(Saved data entries)
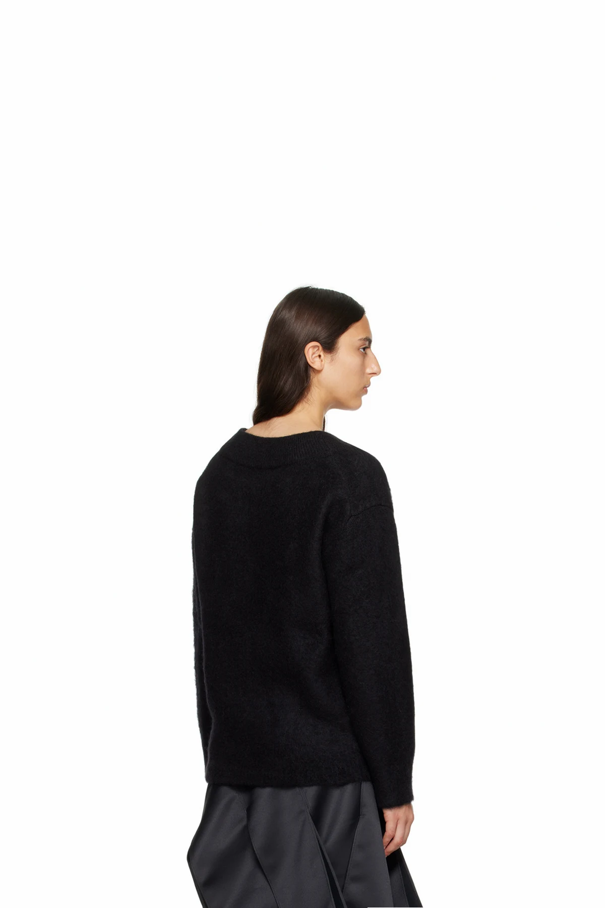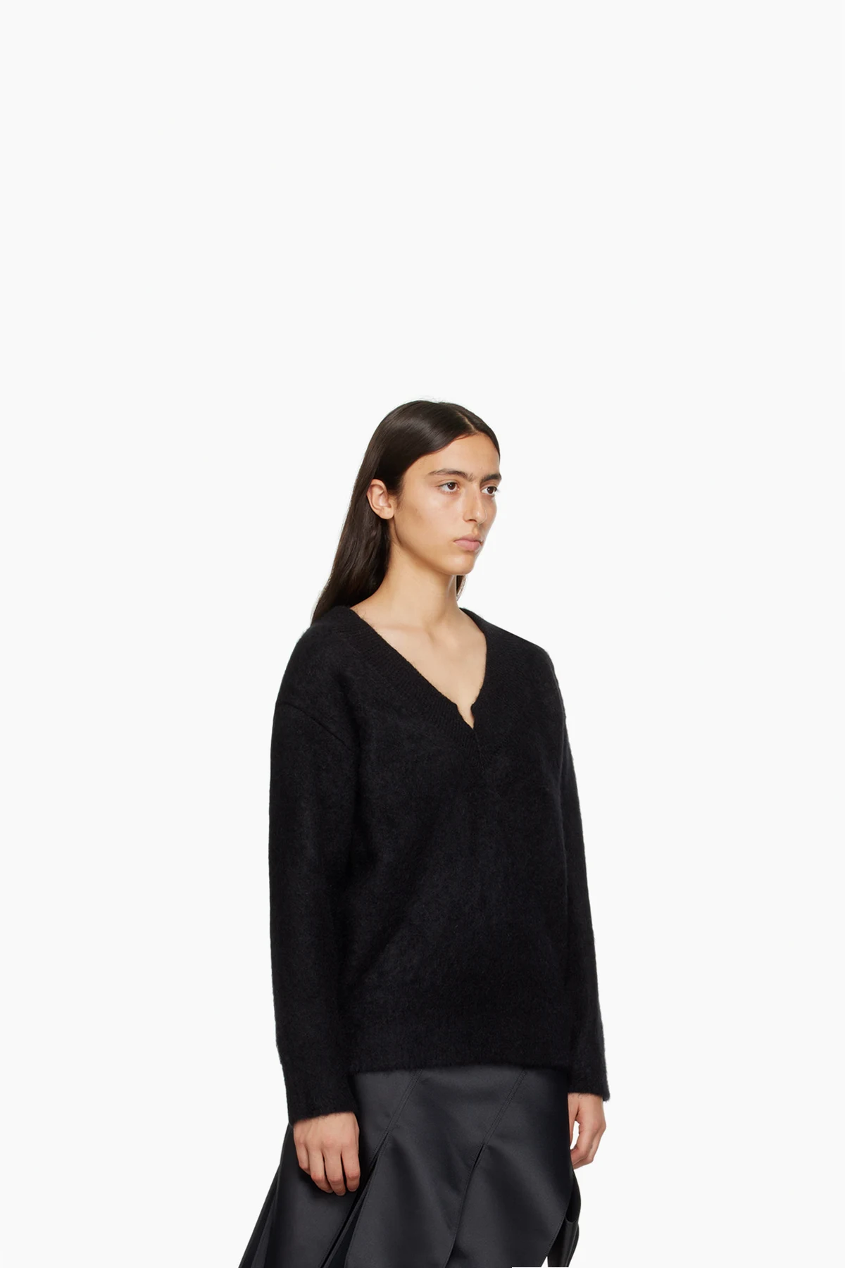 Knit mohair-blend sweater. Rib knit V-neck, hem, and cuffs
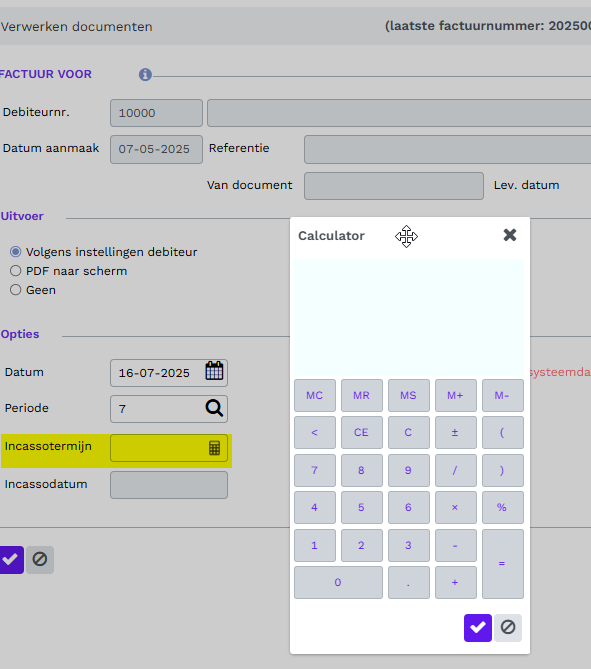 Bij het afsluiten en verwerken van de factuur kan je een incasso-termijn (aantal dagen) ingeven, waarmee de incassodatum van de factuur wordt bepaald.
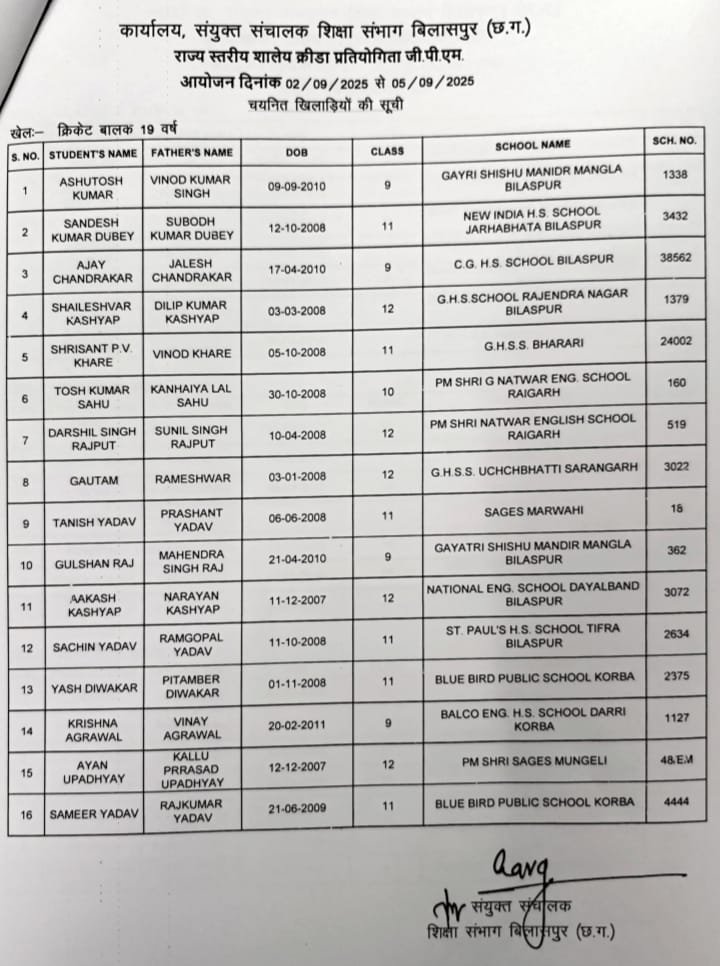 सेंट्रल न्यूज छत्तीसगढ़ कोरबा(अजय राय):–छत्तीसगढ़ राज्य स्कूल खेलकूद प्रतियोगिता के लिए कोरबा जिले से तीन खिलाड़ियों का चयन हुआ है| क्रिकेट प्रतियोगिता में चयनित खिलाड़ियों में कृष्णा अग्रवाल जो कि बीकन स्कूल दर्री में अध्यनरत है, व अंडर 14, अंडर 16 में कोरबा जिले का प्रतिनिधित्व भी करते है।जिले से कृष्णा अग्रवाल के साथ समीर यादव और यश दिवाकर का भी चयन हुआ है ,कोरबा जिले से सभी चयनित बिलासपुर जोन की टीम से अपने खेल का प्रदर्शन करेंगे।कृष्णा अग्रवाल के चयन पर ब्लैक पैंथर क्रिकेट क्लब के कोच बलविंदर सिंह सोढ़ी (रिंकू) ने उनके उज्ज्वल भविष्य की कामना की है। कृष्णा के चयन पर उनके परिजनों और पारिवारिक मित्रों के अलावा सहपाठियों के मध्य हर्ष व्याप्त है।
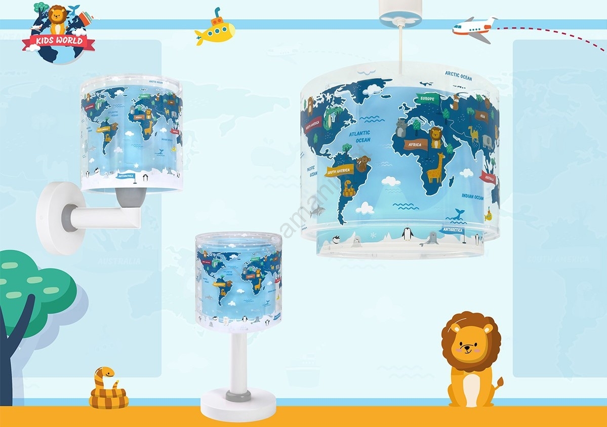 • Dalber 40672 - Lustre infantil WORLD 1xE27/15W/230V azul
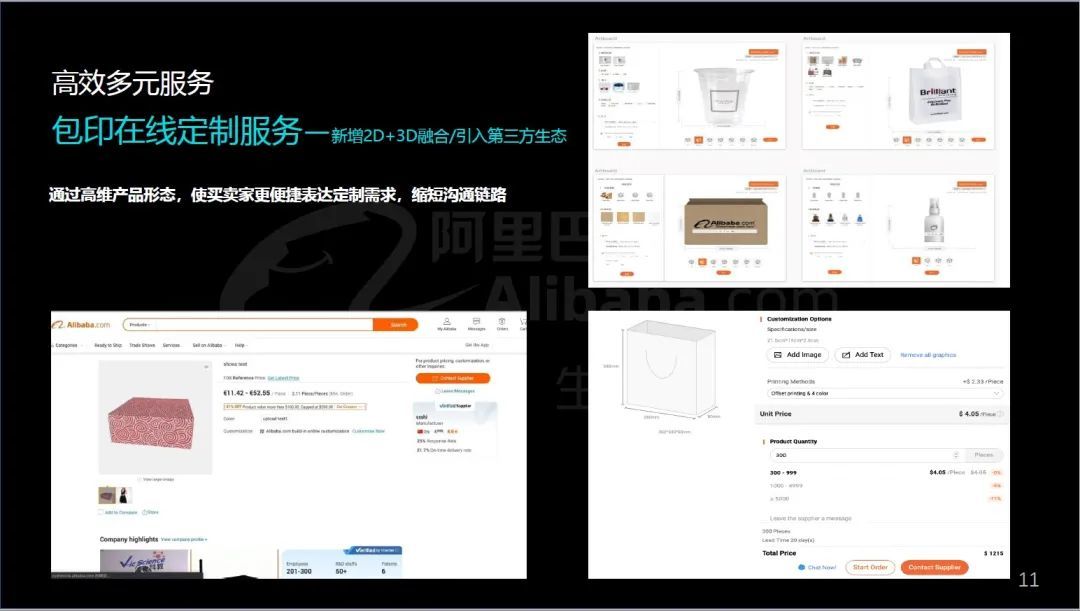 2、包印在线定制服务新增2D+3D融合,引入第三方生态等功能:通过高维产品形态,帮助买卖家更便捷地表达定制需求,缩短沟通链路,提升沟通效率。
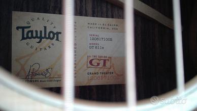 Chitarra selezionata tra molte dello stesso modello per ritrovare una tastiera e un ponticello il più possibilmente NERO con il minimo di venture chiare (odiose da parte mia) degli ultimi modelli Taylor. Piacevolissima, leggerissima e comodissima da suonare. Suono equilibrato, ricchissima di armoniche, e che presi per sostituire una Martin D35 (stessi legni, completamente in massello) che trovavo ingombrante, impegnativa e scomoda. Saranno pure opinioni personali ma la D35 se la mangia. Gioiellino di Andy Powers, liutaio della Taylor.
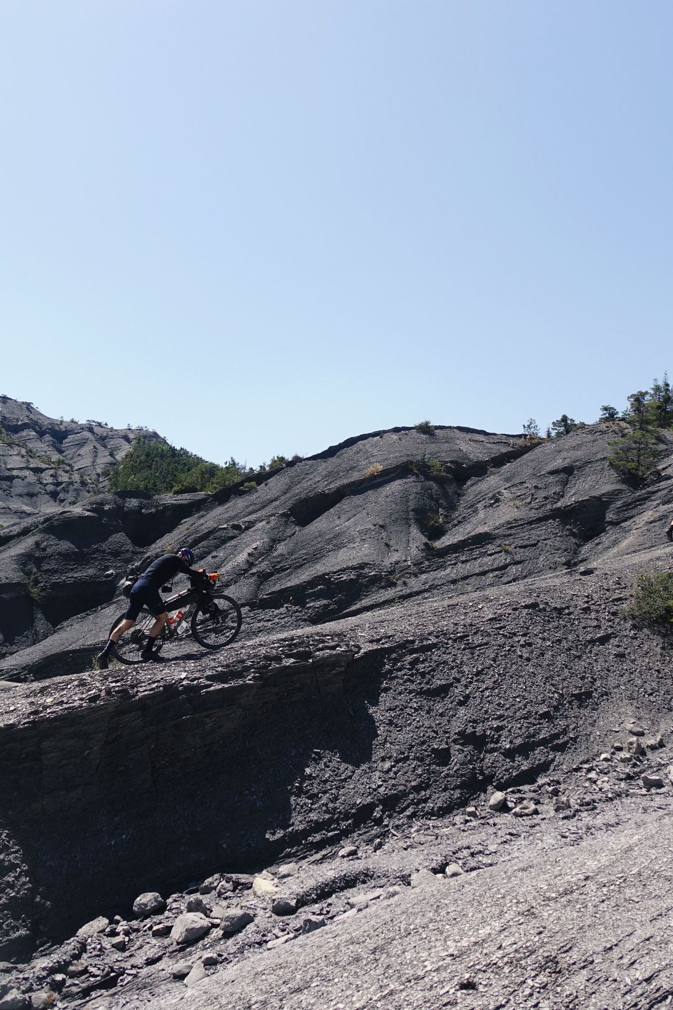 À chaque trip sa carte postale. Le truc que tu vois en plein hiver derrière ton écran au bureau, l’image, l’endroit qui te fait dire “OK, c’est ça, on va là les bros”. Les Terres Noires sont vraiment ce qui nous a intrigué et donné envie. Imaginez un désert bosselé d’ardoise où tout est gris. Pire que dans Fifty Shade of Grey, on arrive même pas à voir où il faut passer et mettre ses roues. Le fun est total. Surtout quand pour la première fois on voit le panneau piste (de VTT) noire.
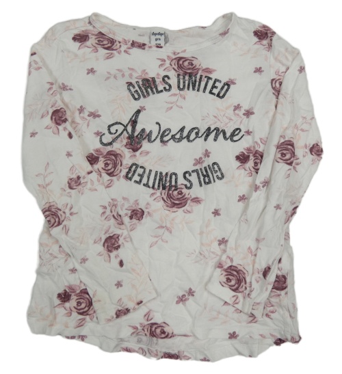 Bílé triko s květy a nápisem Dopodopo
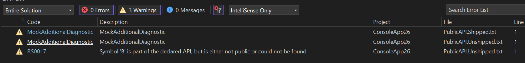 | // including those reported as a compilation end diagnostic. These are not included in document pull (uses GetDiagnosticsForSpan) due to cost. | ||
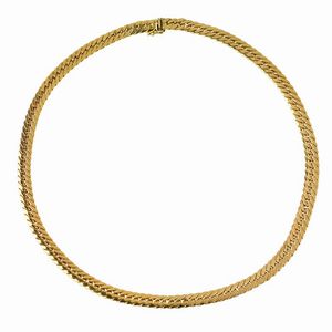 COLLANA A MAGLIA GROUMETTE in oro giallo 18kt, realizzata a maglia piatta, punzoni 750 e del fabbricante, lungh. [..]

**Exercise objective**
All of the lines above should be printed exactly, minus the pictures.

**Exercise answer**
 Knit mohair-blend sweater. Rib knit V-neck, hem, and cuffs
 Bij het afsluiten en verwerken van de factuur kan je een incasso-termijn (aantal dagen) ingeven, waarmee de incassodatum van de factuur wordt bepaald.
 सेंट्रल न्यूज छत्तीसगढ़ कोरबा(अजय राय):–छत्तीसगढ़ राज्य स्कूल खेलकूद प्रतियोगिता के लिए कोरबा जिले से तीन खिलाड़ियों का चयन हुआ है| क्रिकेट प्रतियोगिता में चयनित खिलाड़ियों में कृष्णा अग्रवाल जो कि बीकन स्कूल दर्री में अध्यनरत है, व अंडर 14, अंडर 16 में कोरबा जिले का प्रतिनिधित्व भी करते है।जिले से कृष्णा अग्रवाल के साथ समीर यादव और यश दिवाकर का भी चयन हुआ है ,कोरबा जिले से सभी चयनित बिलासपुर जोन की टीम से अपने खेल का प्रदर्शन करेंगे।कृष्णा अग्रवाल के चयन पर ब्लैक पैंथर क्रिकेट क्लब के कोच बलविंदर सिंह सोढ़ी (रिंकू) ने उनके उज्ज्वल भविष्य की कामना की है। कृष्णा के चयन पर उनके परिजनों और पारिवारिक मित्रों के अलावा सहपाठियों के मध्य हर्ष व्याप्त है।
 • Dalber 40672 - Lustre infantil WORLD 1xE27/15W/230V azul
 2、包印在线定制服务新增2D+3D融合,引入第三方生态等功能:通过高维产品形态,帮助买卖家更便捷地表达定制需求,缩短沟通链路,提升沟通效率。
 Chitarra selezionata tra molte dello stesso modello per ritrovare una tastiera e un ponticello il più possibilmente NERO con il minimo di venture chiare (odiose da parte mia) degli ultimi modelli Taylor. Piacevolissima, leggerissima e comodissima da suonare. Suono equilibrato, ricchissima di armoniche, e che presi per sostituire una Martin D35 (stessi legni, completamente in massello) che trovavo ingombrante, impegnativa e scomoda. Saranno pure opinioni personali ma la D35 se la mangia. Gioiellino di Andy Powers, liutaio della Taylor.
 À chaque trip sa carte postale. Le truc que tu vois en plein hiver derrière ton écran au bureau, l’image, l’endroit qui te fait dire “OK, c’est ça, on va là les bros”. Les Terres Noires sont vraiment ce qui nous a intrigué et donné envie. Imaginez un désert bosselé d’ardoise où tout est gris. Pire que dans Fifty Shade of Grey, on arrive même pas à voir où il faut passer et mettre ses roues. Le fun est total. Surtout quand pour la première fois on voit le panneau piste (de VTT) noire.
 Bílé triko s květy a nápisem Dopodopo
 | // including those reported as a compilation end diagnostic. These are not included in document pull (uses GetDiagnosticsForSpan) due to cost. | ||
 COLLANA A MAGLIA GROUMETTE in oro giallo 18kt, realizzata a maglia piatta, punzoni 750 e del fabbricante, lungh. [..]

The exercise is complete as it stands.